BEGIN WORKING DATA
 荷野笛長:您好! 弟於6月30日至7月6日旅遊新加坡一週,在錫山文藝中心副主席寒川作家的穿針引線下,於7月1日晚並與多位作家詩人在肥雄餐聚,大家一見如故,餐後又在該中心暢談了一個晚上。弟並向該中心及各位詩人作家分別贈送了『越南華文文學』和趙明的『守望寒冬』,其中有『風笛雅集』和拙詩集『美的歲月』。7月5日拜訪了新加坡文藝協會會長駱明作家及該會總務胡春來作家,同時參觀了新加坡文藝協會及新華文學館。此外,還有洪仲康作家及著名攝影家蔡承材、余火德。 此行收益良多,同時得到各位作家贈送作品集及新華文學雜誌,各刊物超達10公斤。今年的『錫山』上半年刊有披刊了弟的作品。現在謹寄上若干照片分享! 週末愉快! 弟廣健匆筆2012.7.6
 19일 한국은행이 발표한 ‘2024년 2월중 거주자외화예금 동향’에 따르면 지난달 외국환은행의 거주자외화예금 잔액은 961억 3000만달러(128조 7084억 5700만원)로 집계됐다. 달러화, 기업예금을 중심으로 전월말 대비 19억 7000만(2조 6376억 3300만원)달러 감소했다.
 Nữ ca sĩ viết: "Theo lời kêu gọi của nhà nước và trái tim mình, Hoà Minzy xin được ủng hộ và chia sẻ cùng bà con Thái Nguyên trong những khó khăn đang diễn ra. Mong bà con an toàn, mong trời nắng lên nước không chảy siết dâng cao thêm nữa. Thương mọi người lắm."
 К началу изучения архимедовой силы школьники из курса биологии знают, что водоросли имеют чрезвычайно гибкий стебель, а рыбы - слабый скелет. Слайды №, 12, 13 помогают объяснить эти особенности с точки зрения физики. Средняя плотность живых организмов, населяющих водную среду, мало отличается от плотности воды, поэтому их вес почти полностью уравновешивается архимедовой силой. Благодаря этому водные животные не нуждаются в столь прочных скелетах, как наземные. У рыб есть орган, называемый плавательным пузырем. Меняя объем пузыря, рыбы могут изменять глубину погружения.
END WORKING DATA
BEGIN WORKING DATA
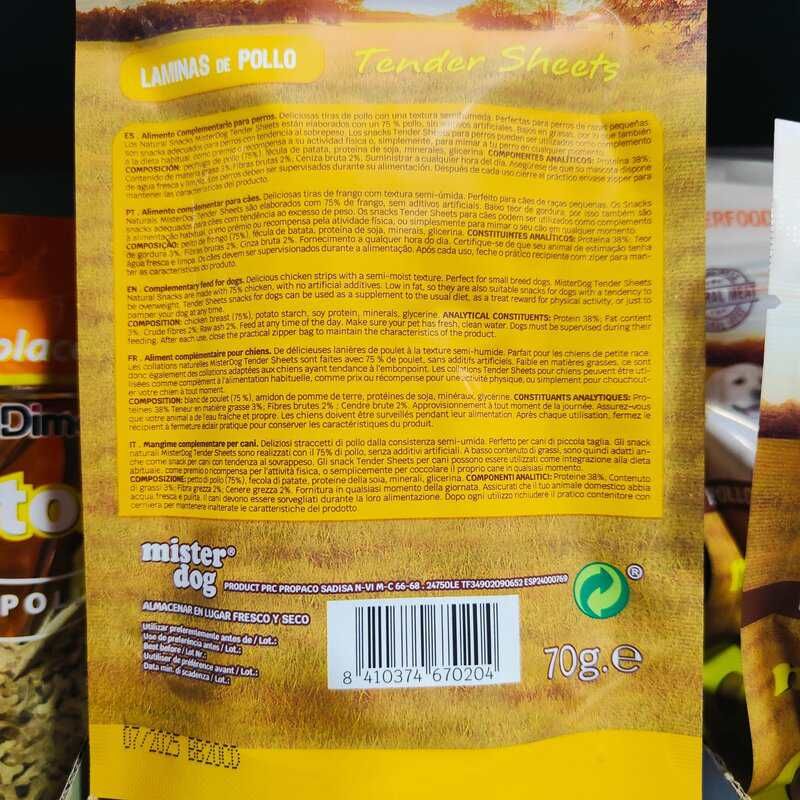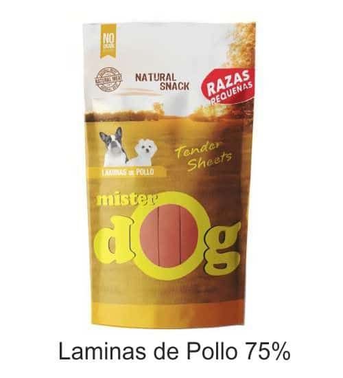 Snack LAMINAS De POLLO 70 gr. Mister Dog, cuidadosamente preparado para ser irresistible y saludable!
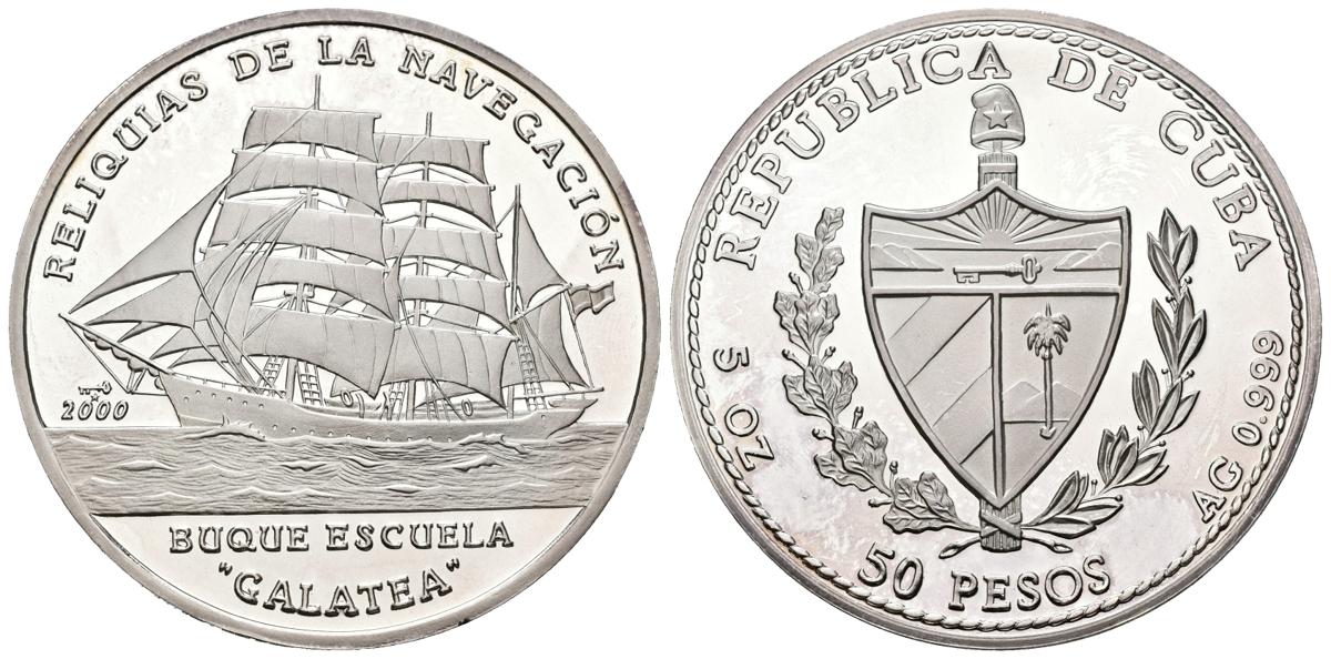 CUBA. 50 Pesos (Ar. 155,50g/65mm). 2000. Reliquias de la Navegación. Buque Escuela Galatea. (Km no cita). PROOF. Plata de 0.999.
END WORKING DATA
▸ WORK ITEM
Whatever else the listing above holds, retype exactly only the lines from the one containing "19일 한국은행이 발표한" to the one containing "lời kêu gọi", both ends kept.

▸ RESULT FOR THIS TASK
 19일 한국은행이 발표한 ‘2024년 2월중 거주자외화예금 동향’에 따르면 지난달 외국환은행의 거주자외화예금 잔액은 961억 3000만달러(128조 7084억 5700만원)로 집계됐다. 달러화, 기업예금을 중심으로 전월말 대비 19억 7000만(2조 6376억 3300만원)달러 감소했다.
 Nữ ca sĩ viết: "Theo lời kêu gọi của nhà nước và trái tim mình, Hoà Minzy xin được ủng hộ và chia sẻ cùng bà con Thái Nguyên trong những khó khăn đang diễn ra. Mong bà con an toàn, mong trời nắng lên nước không chảy siết dâng cao thêm nữa. Thương mọi người lắm."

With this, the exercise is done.